Training and testing for TURL follow [TURL repo](https://github.com/sunlab-osu/TURL).

Training and testing for TAPAS and TABBIE can leverage KDF framework without distribution fusion and knowledge fusion.


## Data
The paper involves 5 datasets: Chart, Pivot, T2D, TURL, SemTab. 
For T2D dataset, you can download from this [url](http://webdatacommons.org/webtables/goldstandard.html#toc2). 
For TURL dataset, you can download from this [url](https://github.com/sunlab-osu/TURL). 
For SemTab dataset, you can download from this [url](https://github.com/sunlab-osu/TURL).
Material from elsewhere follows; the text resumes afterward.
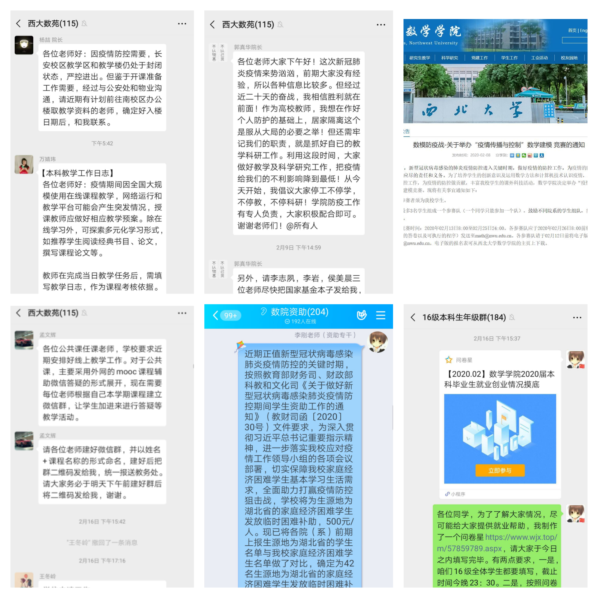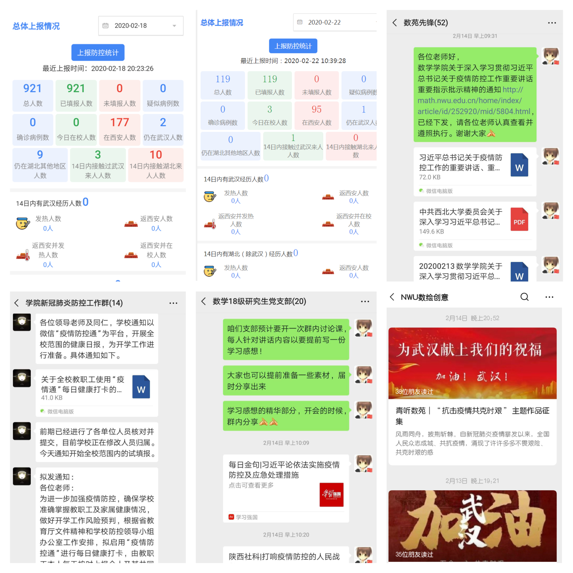 周密部署,实施精细化和网格化疫情防控举措,筑牢战“疫”防线。一是,强化组织领导,明确分工与责任,切实守好“责任田”。成立以党委书记、院长为组长的疫情防控工作组,制定疫情防控工作方案,建立联防联控工作机制。借助“疫情防控通”和“家属每日健康打卡”等方式,详细掌握记录了全体师生的健康状况;每日开展深入细致的摸排并建立台账,严格执行和落实“全覆盖、日上报”制度;重点做好11名在鄂学生、4名因封楼或同车次出现确诊病例居家隔离学生、多名出现咳嗽和发热症状学生的健康日询和心理疏导工作。二是,统一思想、凝聚共识。学院党委、各党支部组织开展“习近平总书记关于疫情防控工作重要讲话重要指示批示精神”学习教育活动,学院团委、各团支部积极开展“抗击疫情,共克时艰”线上专题团日活动,全方位、多途径教育引导全院师生不断增强“四个意识”、坚定“四个自信”、做到“两个维护”。三是,党员领导干部主动作为,勇挑疫情防护重担。学院党委第一时间建立了“学院新冠肺炎防控工作”“学院党政联席会”微信工作群等,讨论研究学院师生疫情防护工作。学院党政领导及时研究防护举措,行政教辅人员主动请缨承担疫情防护任务,工会委员积极做好居家隔离教职工的后勤保障工作,部分党支部书记和老党员多次向学院党委申请工作任务,主动给年轻教师做心理减压辅导等工作。四是,发挥学习强国、学院网站、“NWU数绘创意”微信公众号、师生微信群和QQ群等融媒体矩阵作用,积极做好全院师生的宣传教育引导工作,深入宣传党和国家重大决策部署、学校学院的疫情防控工作举措、先进典型事迹、科学防护知识,家校合力确保学生不离家不返校、停课不停学。

Dataset quality inspection is in [dataset_quality](dataset_quality) folder.

## Citation
If you find our work helpful, please use the following citations.
```
@inproceedings{he-etal-2023-anameta,
    title = "{A}na{M}eta: A Table Understanding Dataset of Field Metadata Knowledge Shared by Multi-dimensional Data Analysis Tasks",
    author = "He, Xinyi and Zhou, Mengyu and Zhou, Mingjie and Xu, Jialiang and Lv, Xiao and Li, Tianle and Shao, Yijia and Han, Shi and Yuan, Zejian and Zhang, Dongmei",
    booktitle = "Findings of the Association for Computational Linguistics: ACL 2023",
    month = jul,
    year = "2023",
    address = "Toronto, Canada",
    publisher = "Association for Computational Linguistics",
    url = "https://aclanthology.org/2023.findings-acl.604/",
    doi = "10.18653/v1/2023.findings-acl.604",
    pages = "9471--9492",
}
```

## Contributing

This project welcomes contributions and suggestions.  Most contributions require you to agree to a
Contributor License Agreement (CLA) declaring that you have the right to, and actually do, grant us
the rights to use your contribution. For details, visit https://cla.opensource.microsoft.com.
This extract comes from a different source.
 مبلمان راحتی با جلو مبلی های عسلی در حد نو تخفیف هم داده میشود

When you submit a pull request, a CLA bot will automatically determine whether you need to provide
a CLA and decorate the PR appropriately (e.g., status check, comment). Simply follow the instructions
provided by the bot. You will only need to do this once across all repos using our CLA.
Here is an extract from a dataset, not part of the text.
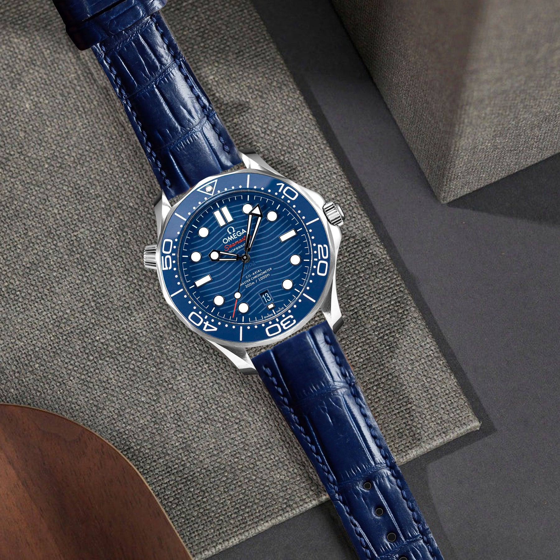 Omega Seamaster Diver 300m Straps - Croco Navy Blue

This project has adopted the [Microsoft Open Source Code of Conduct](https://opensource.microsoft.com/codeofconduct/).
For more information see the [Code of Conduct FAQ](https://opensource.microsoft.com/codeofconduct/faq/) or
contact [opencode@microsoft.com](mailto:opencode@microsoft.com) with any additional questions or comments.

## Trademarks

This project may contain trademarks or logos for projects, products, or services. Authorized use of Microsoft 
trademarks or logos is subject to and must follow 
[Microsoft's Trademark & Brand Guidelines](https://www.microsoft.com/en-us/legal/intellectualproperty/trademarks/usage/general).
Use of Microsoft trademarks or logos in modified versions of this project must not cause confusion or imply Microsoft sponsorship.
Any use of third-party trademarks or logos are subject to those third-party's policies.